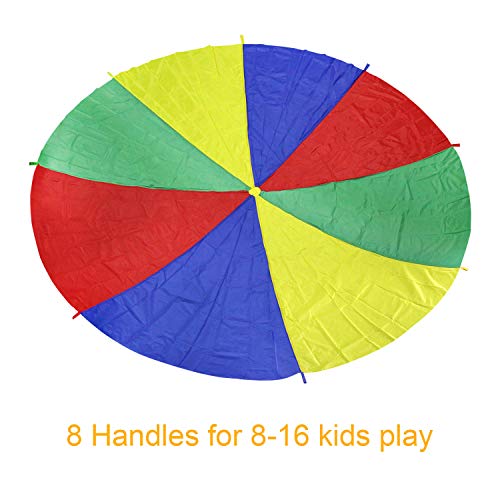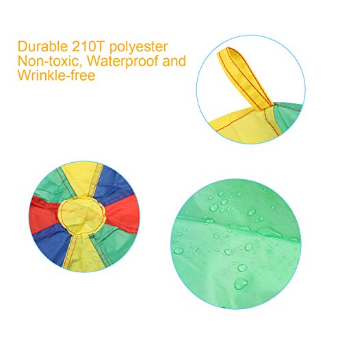 Buona qualità: i nostri paracadute sono robusti e robusti. Realizzato in materiale poliestere 201T non tossico ecologico e resistente, resistente alla putrefazione e impermeabile. Le doppie cuciture aumentano la loro durata, garantendo un uso a lungo termine. 8 maniglie a cinghia consentono a molti bambini di giocare insieme.
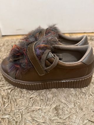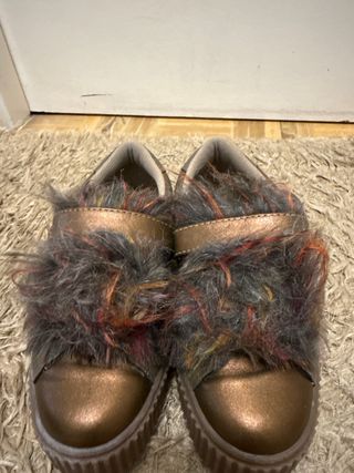 Estos tenis combinan un diseño moderno con detalles llamativos. - Acabado metálico en tono dorado. - Adorno frontal de peluche con hilos multicolor.
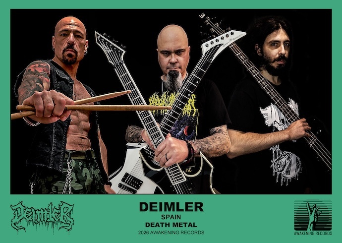 On their new album Darkness Falls, the Spanish death metal band Deimler have found a sweet spot (indeed, many sweet spots) between these extremes. Their music is monstrous and mauling but it’s also frequently mind-boggling in its intricate adventurousness. It powerfully creates unsettling atmospheric auras but also hits like battering rams. It’s packed with hooks, and it includes guitar solos that are eye-opening rarities in the realms of death metal.
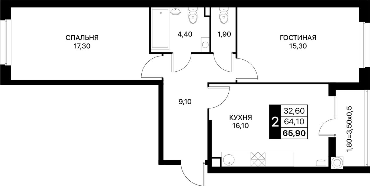 2-комнатная — 65,9 м² 2/20 эт. в Smartpolét (Смартполёт, Полет)
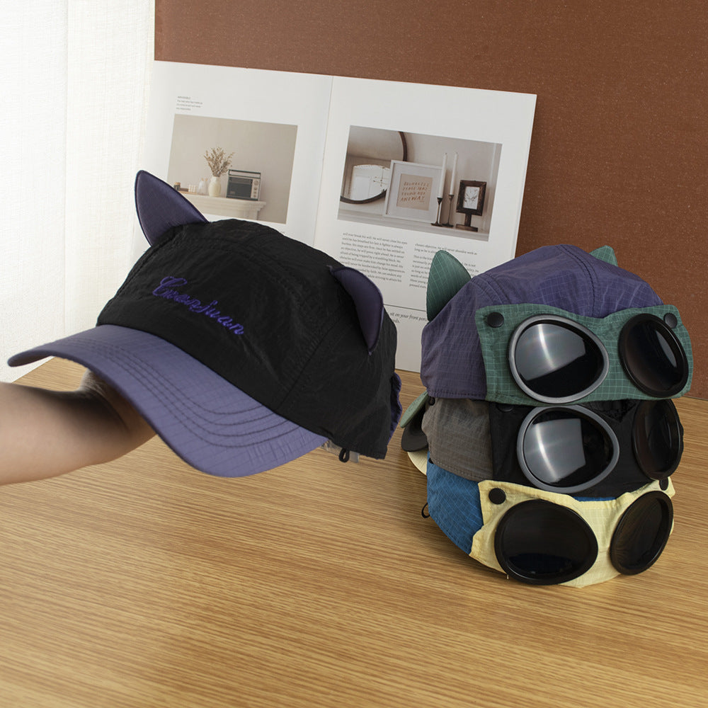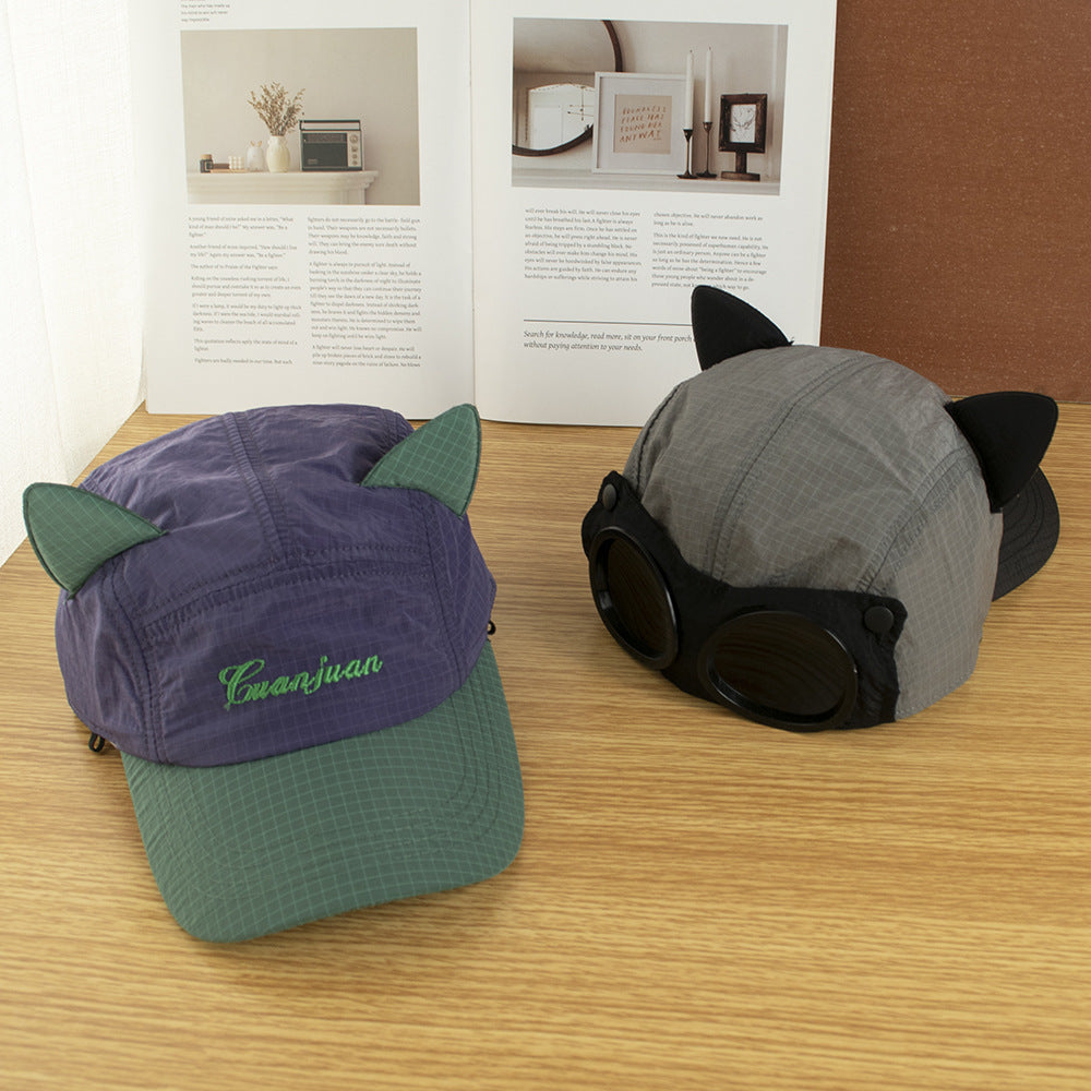 レトロ飛行士キャップ|猫耳&バイカラー速乾キャップ

WHAT YOU ARE ASKED TO DO >> Reproduce the lines from the one holding "2-комнатная — 65,9" through the end of the entries above exactly, keeping both ends and dropping every picture.

RESULT >>
 2-комнатная — 65,9 м² 2/20 эт. в Smartpolét (Смартполёт, Полет)
 レトロ飛行士キャップ|猫耳&バイカラー速乾キャップ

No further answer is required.